Look below for the line with "首先,刘伊、丁妮、丁建华、何"; begin the copy there and stop after the line with "蒜蓉小龙虾、香辣小龙虾、紫苏", keeping the text exact and the pictures out.

+++

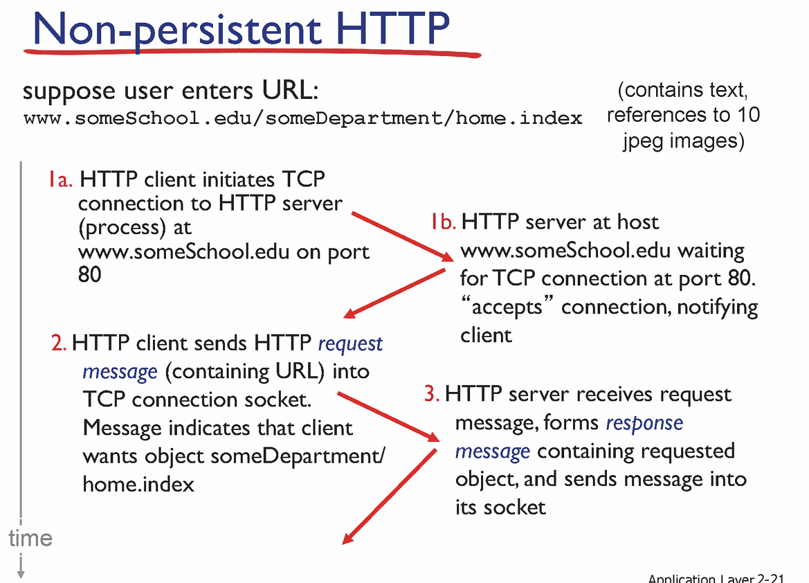 - (a) HTTP 클라이언트가 HTTP 서버(프로세스)와 www.someSchool.edu의 80번 포트로 TCP 연결을 시작
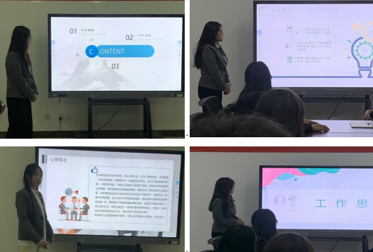 首先,刘伊、丁妮、丁建华、何明慧四位大二员工代理班主任分别从工作情况、经验收获、不足之处、未来展望四个方面阐述了承担员工班主任工作以来的收获和成长,对自己的工作进行了总结汇报。
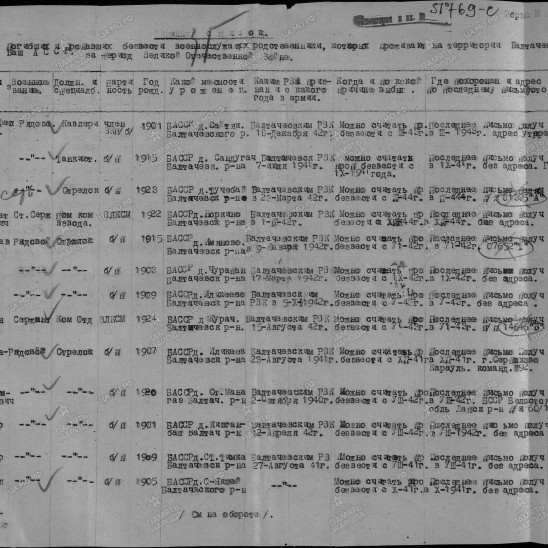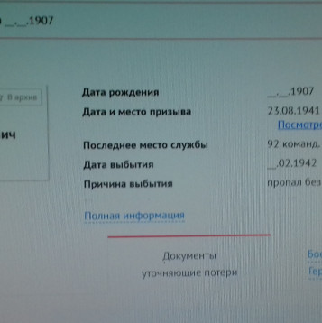 Боевой путь ветерана Дата призыва 23 августа 1941 году Балтачевским РВК. Последнее письмо отправлено моей бабушке в декабре 1941 году из города Серпухова. Он воевал в Караульной команде № 92. Пропал без вести 02.1942 года.
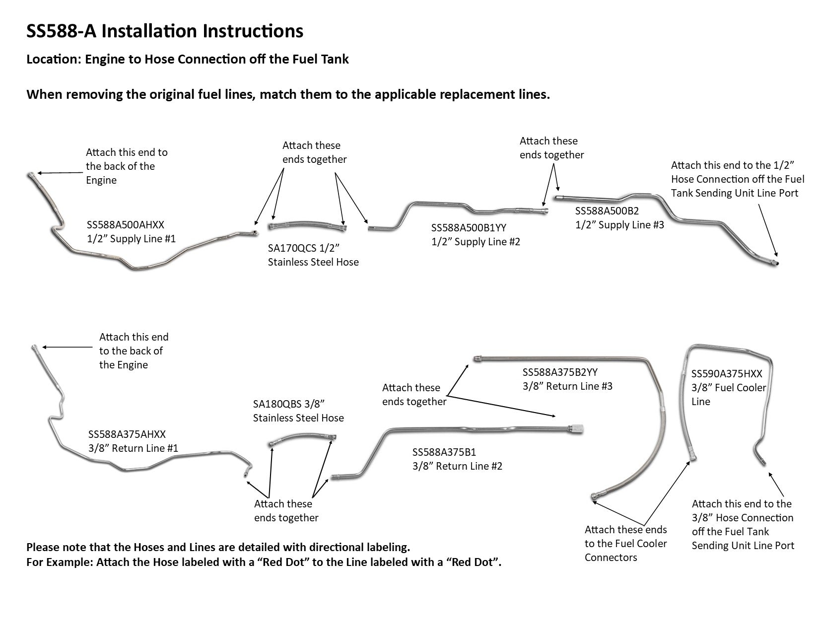 Not Included in Set: Hoses between fuel line and fuel tank 5070-01B and Cooler Connector Lines FL591-A2B or SS591-A2B. These parts are available for purchase separately
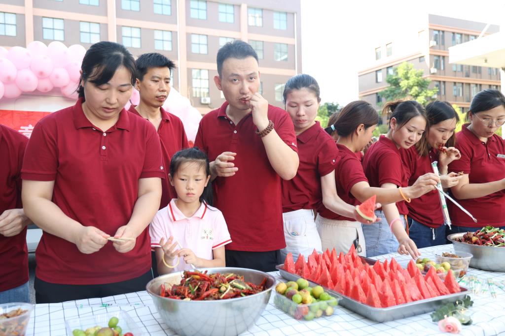 蒜蓉小龙虾、香辣小龙虾、紫苏小龙虾……各个口味的小龙虾端上桌了,精致的水果拼盘摆起来啦,香喷喷的凉菜也端上桌啦,自己亲手制作的美食就是不一样!除此之外还有第九套广播体操大赛来助兴,用抽签的形式选择部门代表连队出战,三轮比拼下来,赛出了风格,赛出了风采,赛出了团队的力量!
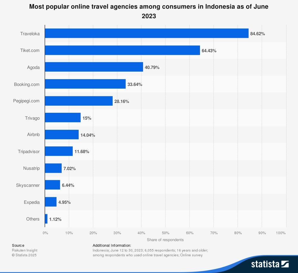 Indonesia’s OTA sector is widely recognized as being dominated by two major players: Traveloka and Tiket.com. Both offer comprehensive service ecosystems, strong brand recognition, and direct access to airline, hotel, and attraction inventories.
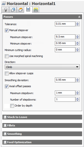 For finishing operations, the default value is 0 mm / 0 in, i.e. no material is left.

+++

— REPLY —
 首先,刘伊、丁妮、丁建华、何明慧四位大二员工代理班主任分别从工作情况、经验收获、不足之处、未来展望四个方面阐述了承担员工班主任工作以来的收获和成长,对自己的工作进行了总结汇报。
 Боевой путь ветерана Дата призыва 23 августа 1941 году Балтачевским РВК. Последнее письмо отправлено моей бабушке в декабре 1941 году из города Серпухова. Он воевал в Караульной команде № 92. Пропал без вести 02.1942 года.
 Not Included in Set: Hoses between fuel line and fuel tank 5070-01B and Cooler Connector Lines FL591-A2B or SS591-A2B. These parts are available for purchase separately
 蒜蓉小龙虾、香辣小龙虾、紫苏小龙虾……各个口味的小龙虾端上桌了,精致的水果拼盘摆起来啦,香喷喷的凉菜也端上桌啦,自己亲手制作的美食就是不一样!除此之外还有第九套广播体操大赛来助兴,用抽签的形式选择部门代表连队出战,三轮比拼下来,赛出了风格,赛出了风采,赛出了团队的力量!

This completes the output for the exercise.